I stared at that stone face again as his teeth attached themselves to my neck and stole from me yet again. I had no soul, so he decided to rob me of my pride instead – I moaned like the whore he thought I was. And he kept on taking and taking, drinking while I clutched onto his back, pulling him closer like a needy mess.

The thorn crown., the eyes staring at the sky, the nailed wrists, the nude shape, the rotting wood, the maggots in the dirt below my head, I was aware of it, coiling on the ground below the symbol of my long ago missed salvation. He lingered on top of me, stripping me off my clothes with black irises and lips shimmering with my blood, my pride.

I stared up at the sky as well, as his fangs nailed my wrists to a cross of my own.

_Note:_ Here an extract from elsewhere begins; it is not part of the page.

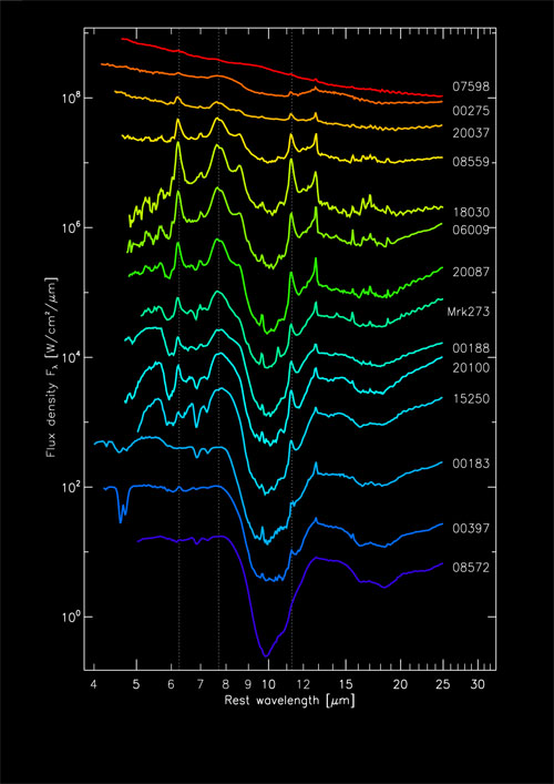 Figure 3: This collage of low-resolution Spitzer-IRS spectra offers a striking illustration of the diverse nature of the galaxies classified as ultraluminous infrared galaxies (ULIRGs). The reddish spectra at the top are nearly featureless, typical of AGN heated hot dust. Further down, the family of PAH emission features at 6.2, 7.7, 8.6 and 11.3 microns start to appear, indicating an increased contribution of star forming regions to the ULIRG spectrum. The PAH emission starts to dominate in the greenish spectra, while silicate absorption at both 10 and 18 microns becomes apparent. In the spectrum of IRAS 20087, the characteristic absorption edge of water ice at 5.7 microns starts to appear as well, indicating the presence of shielded cold molecular clouds along the line of sight. The water ice feature deepens and the importance of PAH emission decreases moving down to the spectra shown in glacial blue. At the same time, the depth of the 10 and 18 micrometer silicate features increases and hydrocarbon absorption bands at 6.85 and 7.25 microns become apparent, indicating that the power sources of these ULIRGs are deeply embedded. The bottom three spectra differ from those directly above by the presence of a strong near-infrared continuum and by the relative weakness of the 5.5 to 8.0 micrometer absorption features. Note how, due to the appreciable redshifts of IRAS 00183 and IRAS 00397, the IRS spectral coverage extends all the way down to rest frame wavelength of 4 microns, facilitating the discovery of wide absorption features due to warm CO gas at 4.6 microns in their spectra. (Spoon et al. (2006, IAU Symposium 231 "Astrochemistry: Recent Successes and Current Challenges", eds. D.C. Lis, G.A. Blake and E. Herbst, IAU Symp. 231, 281 (astro-ph/0512037); Spoon et al. 2007, ApJ 654, L49)

The red was seeping everywhere.

I knelt up to face him again and pressed my lips to his own to taste what was left of me while my bleeding hands ripped off the remainder of his aristocratic attire. His neck, his chest, his stomach, I traced his body with my tongue trying to taste him better, pick up that scent to refresh the painful memories. The moans that erupted from the back of his throat didn’t sound low or cheap, they sounded divine, for there was my deity. And if that chapel long since hadn’t stopped being hallowed ground, I may have even felt a tinge of shame somewhere in the back of my mind.

Blood and dirt stuck under my fingernails and soon mixed with the skin of his back as he crossed all lines and joined our bodies in a blasphemous dance of hateful lust. He forced me to regard him with opened eyes as my mouth twisted into smiles and screams of pleasure and pain and blood flowed between us, flowed in vicious circles of death and rebirth into damnation while we crawled over one another like maggots crawl the earth in their blind and lowly lives.

Aurelien – the bringer of light – that would be the meaning of his name. He was the greatest paradox in my life. His chest crushing mine like I wanted to, and my eyes staring up at those of the crucified deity like he wanted to…

I didn’t know what happened until it was over and his body fell off mine, glimmering with sweat and blushing with my blood while growing paler and paler at the same time. His eyes, emeralds again, stared up at the sky in search of my salvation and finding his end.

His blood trickled off my lips and fingers, coursed through my veins poisoning me and infesting me with his life force and memories. I felt as if I was going to implode from the pain.

Aurelien – the bringer of light – and the Taker of my soul stared up at the worn ceiling boards vacantly, his eyes finding nothing but an exit from eternity.

I stood up from the moist dirt, my body smeared and flecked with dust, mud and blood and knelt before the cross, grabbing onto its wooden body and grabbing for the cold marble of the nailed ankles. I pulled it towards the sin-stained ground and watched it smash and shatter against his body.

I laid down next to the unholy mess to kiss the sunrise.

The naïve deity was staring me down with that empty gaze while my soul was being condemned to eternal damnation. Not a tear it shed for me, not a wince it produced as I cried for salvation, not a move.

The bitterness was replaced with foolish hope as the sunbeams inched our bodies on the unforgiving ground. And I dared to speak one last time:

If I die before I wake, pray the Lord my soul to take.
♠ ♠ ♠
Not in the Christmas spirit, but hopefully it will make a good present.